US dry gas production averaged 104 Bcf/d in H1 2026, up 2% year-on-year and in line with the EIA's forecast. The Permian and Haynesville basins continue to deliver associated gas volumes despite moderating oil-directed rig activity. The result is a supply environment that is meeting expectations without surprising to the upside.

The production growth rate, however, is decelerating. The US gas-directed rig count has fallen from a peak of 112 in late 2025 to 98 currently. EIA's Drilling Productivity Report shows new-well gas production per rig declining 5% year-on-year in the Haynesville. The marginal cost of new supply is rising, which puts a natural floor under prices.

LNG is the demand story that matters

LNG feedgas demand reached 14 Bcf/d in Q2 2026, up from 12.5 Bcf/d in Q2 2025. The key development in H2 2026 is the startup of Plaquemines LNG (Phase 1) and the Corpus Christi Stage 3 expansion, which will add a combined 3 Bcf/d of liquefaction capacity by year-end. Once these facilities are operational, the feedgas demand floor rises to 16-17 Bcf/d regardless of seasonal weather patterns.

The LNG-driven structural floor is the most important development in the Henry Hub market. Before the LNG export era (pre-2016), Henry Hub was primarily a weather-driven market with inventory builds and draws tied to heating and cooling demand. The LNG link has added a permanent demand source that operates independent of weather. When Henry Hub spot prices fall below the marginal cost of LNG production (estimated at $2.50-3.00/MMBtu for Gulf Coast liquefaction plants), LNG buyers increase feedgas offtake.
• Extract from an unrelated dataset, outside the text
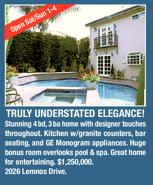 Stunning 4bd, 3ba home with designer touches throughout. Kitchen w/granite counters, bar seating, and GE Monogram appliances. Huge bonus room overlooks pool & spa. Great home for entertaining. $1,250,000. 2026 Lemnos Drive.

Storage is adequate but the injection season is late

Working gas in storage stood at 3,100 Bcf as of early July 2026, roughly 10% above the five-year average. Injections have been running at 70-80 Bcf/week, in line with seasonal norms. The storage surplus provides a comfortable buffer heading into winter, but it also removes the price catalyst that comes from storage deficits.

The EIA's STEO projects Henry Hub averaging $3.00/MMBtu for 2026, with Q4 prices rising to $3.50 as winter heating demand combines with LNG feedgas growth. The range of outcomes is narrow by historical standards, reflecting the increased predictability of the LNG-supplemented market.

Bull, bear, and base cases

The bull case: a colder-than-normal winter combines with the Plaquemines startup to push Henry Hub to $4.50/MMBtu in Q4 2026. European TTF prices remain elevated above $15/MMBtu, keeping LNG cargoes flowing to Europe and limiting Asia pull.

The bear case: mild weather persists through fall, production surprises to the upside, and the LNG capacity additions are delayed. Henry Hub tests $2.50/MMBtu, the marginal cost of Haynesville production.

The base case: normal weather, on-time LNG capacity additions, and production at trend. Henry Hub trades $2.75-3.50/MMBtu for the rest of 2026, exiting the year at $3.25-3.50. The risk distribution is skewed to the upside because the LNG floor is hardening.

What this means for buyers

Natural gas procurement has changed. The LNG export link has transformed Henry Hub from a weather-driven market to a global gas market with a structural price floor. For industrial buyers: $2.91/MMBtu is close to the floor. Lock in 12-month fixed-price contracts at $3.00-3.10/MMBtu. The risk of a sustained break below $2.50 is low given the LNG export floor and production cost support. For power generators: the Henry Hub-TTF spread of $10-12/MMBtu means US gas is the cheapest energy source in the world. If you have fuel switching capability, gas is deeply undervalued relative to global alternatives — lock in term volumes through Q2 2027.